A passion for technology teaching led Vince Fox back to the classroom after a retirement false start – and he’s passing this passion on to future generations by introducing electronics to young minds.  

Term 2 saw a hive of tech activity for Vince’s Year 9 students at Tapawera Area School. He taught students some generic electronics concepts and set them off on self-managed learning tasks using kits, remote-controlled cars and Lego.  

“The pre-set lessons within the kits we used allowed the students to take charge of their learning,  

self-managing their way through the activities and exercises,” says Vince, who has been teaching at the area school for over seven years.  

“They experienced a sense of achievement when successfully assembling the components and witnessing their functionality. In moments of uncertainty, students actively sought assistance from their peers, fostering collaboration and teamwork.”  

The STEAM kits were one of three electronics-based activities Vince engaged students with throughout the term. Lego Mindstorm electronics packages and tiny remote-controlled cars were the other modes of learning about the essentials of electronic engineering. Not only did they have fun with these activities, but they also got the students moving – in body and mind.  

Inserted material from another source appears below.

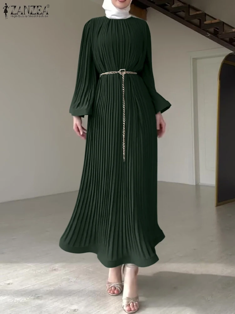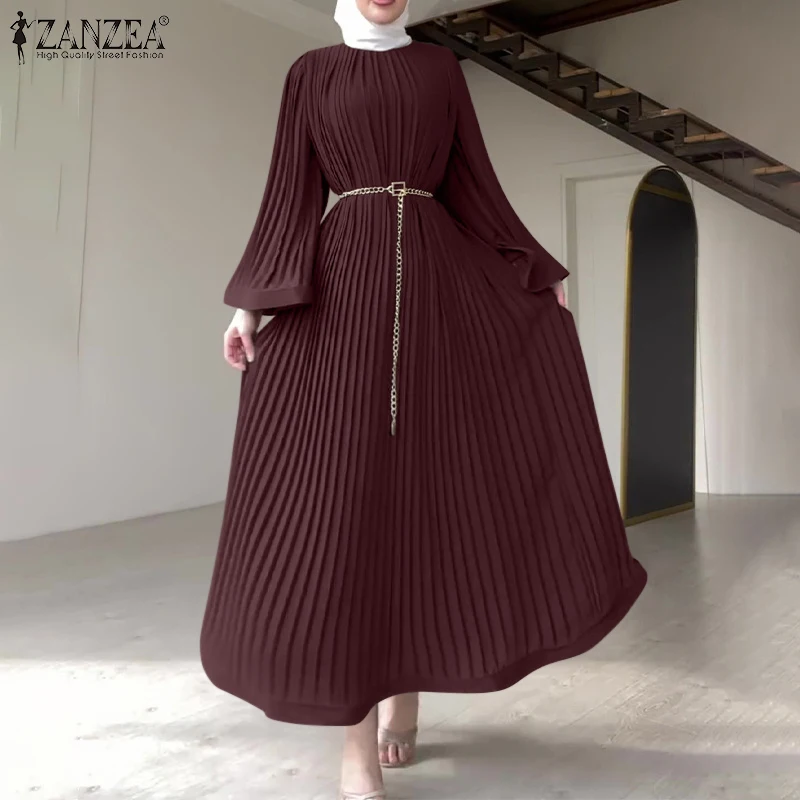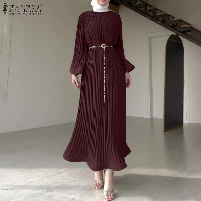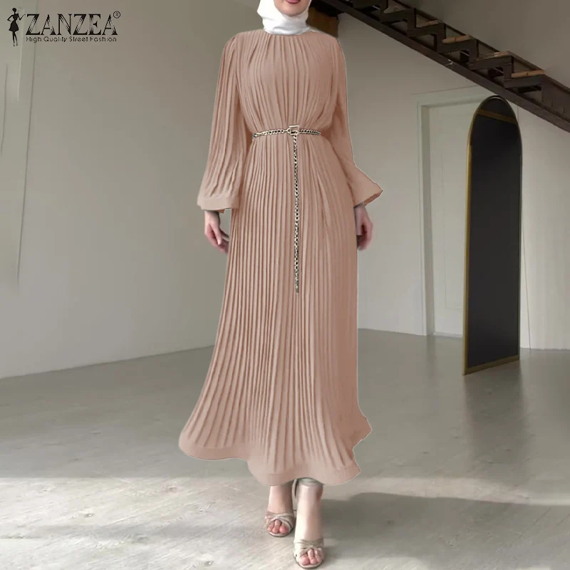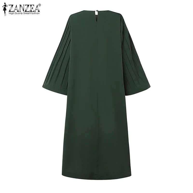 ZANZEA Spring Women Long Sleeve Pleated Dresses Vintage Solid Muslim Abaya Dress Elegant Casual Loose Sundress Islamic Clothing

“I got ākonga active,” says Vince. “We had done some front loading on the basics of electronical concepts, so that when they were let loose on the activities, they had an understanding and could get stuck in.

“This involved plenty of moving around, physically, as well as mentally figuring things out. I had to try to stand off, as best I could, as the intention was that this part was self-taught.”  

Pre-learned knowledge  

Vince ran the programme for three lessons a week over what turned out to be rather a disjointed term. This impacted on the final stages of the work and the evaluation process, during which he had hoped to be able to link the learning to Te Mātaiaho | the refreshed NZ curriculum. However, much was learned, and enjoyed, says Vince.  

“An important lesson for students was the significance of following pre-learned knowledge, rather than randomly assembling components. This was exemplified in a lesson where an LED was intentionally meant to blow as part of the learning process!  

“They were saying, ‘it’s not going, it’s not going’. It was a test, to see if they had read the rest of the instructions. It was all part of the learning.  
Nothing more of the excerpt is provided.